Once again, upon completion of this training, I was on my way back to
Southeast Asia; this time to Ubon, Thailand. I considered this tour the most
rewarding  in my short military career. For eight months I flew missions over
Laos, Cambodia, and South Vietnam and later participated in the first raids
back to Hanoi in April, 1972. Shortly thereafter, on 3 May 1972, while flying
as a "FAST" FAC with the 25th Tactical Fighter Squadron, we were downed by
anti-aircraft fire just north of the demilitarized zone. Our 460th mission was
to find and determine if certain surface to air missile (SAM) sites were
occupied. Once we were hit, the aircraft caught on fire and then the flight
controls went limp.
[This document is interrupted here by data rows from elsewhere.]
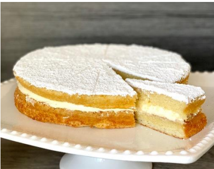
Italian Lemon Cream Cake Code – 4506 / 2 pack

This sweet treat is a 2 layer cake filled with Italian Lemon Cream.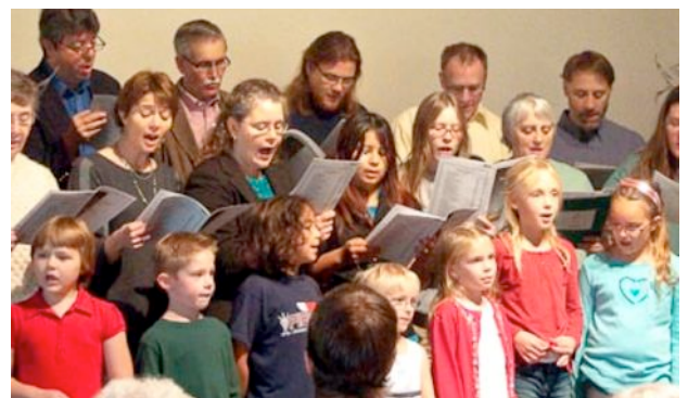
A JOINT PERFORMANCE OF THE UUFM YOUTH AND ADULT CHOIRS DURING THE SUNDAY SERVICE ON NOVEMBER 15, 2009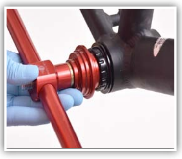
5. Using Wheels Mfg Universal Bottom Bracket Press [<u>PRESS-7</u> or <u>PRESS-7-PRO</u>], insert one BB adapter into drive side bearing. Match the correct size step on the drift with bearing inner diameter. Slide press handle + rod thru BB adapter and cup.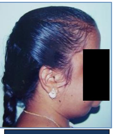
HEAD OF THE PATIENT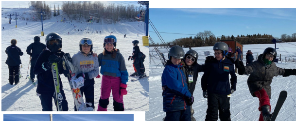
Grade 7 Ski Trip to Rabbit Hill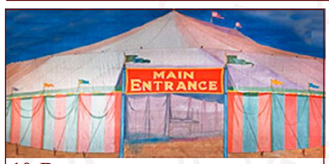
10-B. Circus Main Entrance 39' x 21' - 28 lbs Big Top with entrance sign, featuring practical center opening.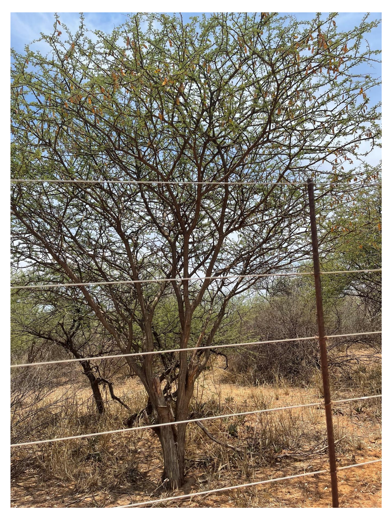
Figure 5: Picture showing vegetation type in the project area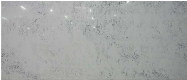
Okite Collection (veining effect)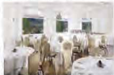
The Music Room

For our buffet, we have reserved 'The Music Room' which has large picture windows that look out over the town and the Rocky Mountain National Park.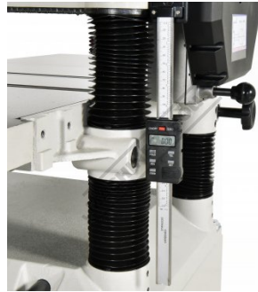
Digital Height Readout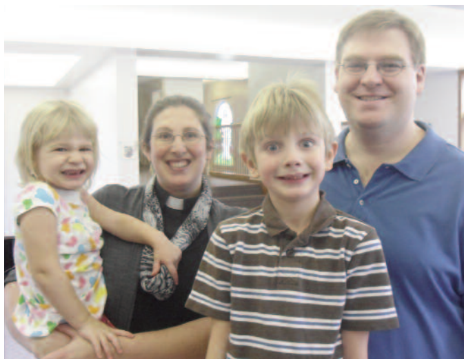
The Forsythe Family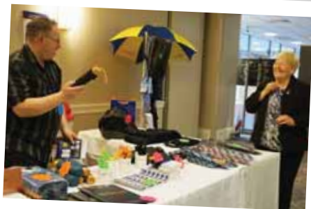
An array of Oddfellows merchandise was available for members to purchase

These include the Ken Hughes Silver Salver Award, won this year by Pride of Woolwich Branch, and the Lillian Ogden Recruitment trophy, awarded to Ormskirk and Southport Branch. Members can help their Branches to win awards too, as we also present the Refer a Friend Awards, to recognise Branches which have a great network of strong member advocates.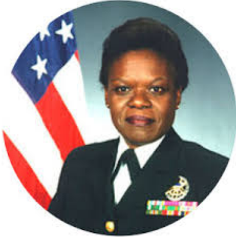
Lillian E. Fishburn Rear Admiral

During Black History Month, we commemorate the contributions and achievements of African American figures in U.S. History. We remember those men and women of color who served and made sacrifices in support of the United States military – despite the challenges and adversity – and we are grateful for their service every day. The list is long and we cannot fit them all here, but the following are just a few of the notable heroes from our military history.

We ejected at this time. Capture came shortly thereafter,
and eventually we arrived in Hanoi to spend an eleven month sojourn at the
"Hanoi Hilton".

I was awarded 3 Distinguished Flying Crosses, and the P.O.W. medal after my
release.
         
My future plans are to stay in the Air Force and I am most anxious to get back
in the cockpit. I dearly love flying, so I plan to stay as close to it as I
can in the future. Being a bachelor I also plan to stay in the States for a
few years and enjoy the good life. The future does indeed look bright.
         
Being a "short timer" in prison I have no horror stories to tell, but I do
take my hat off to the "old heads" who showed us the way to survive and return
with honor. I will always be indebted to them. My family has also shown
themselves to be strong under trying circumstances. I was listed as MIA until
December of 1972 which was difficult for my family. I'm proud to say they
handled themselves admirably.
         
To the people of America; I am truly humbled before you. You made it all
worthwhile once I walked down that ramp and you were waiting to accept us with
open arms and hearts. The overwhelming outpouring of emotion has been so heart
warming. The "silent majority" stood up, and the pride it roused in me is
beyond description. It just proves to me, that the American people will be
there when you need them. A sincere "Thank You" is in order and may God Bless
everyone of you.

====================
Timothy Ayres retired from the United States Air Force Reserve as a Lt.
Colonel in June of 1995. He and his wife Sharon reside in Texas, where he is a
pilot with a major airline. They have two daughters, Natasha and Tiffany.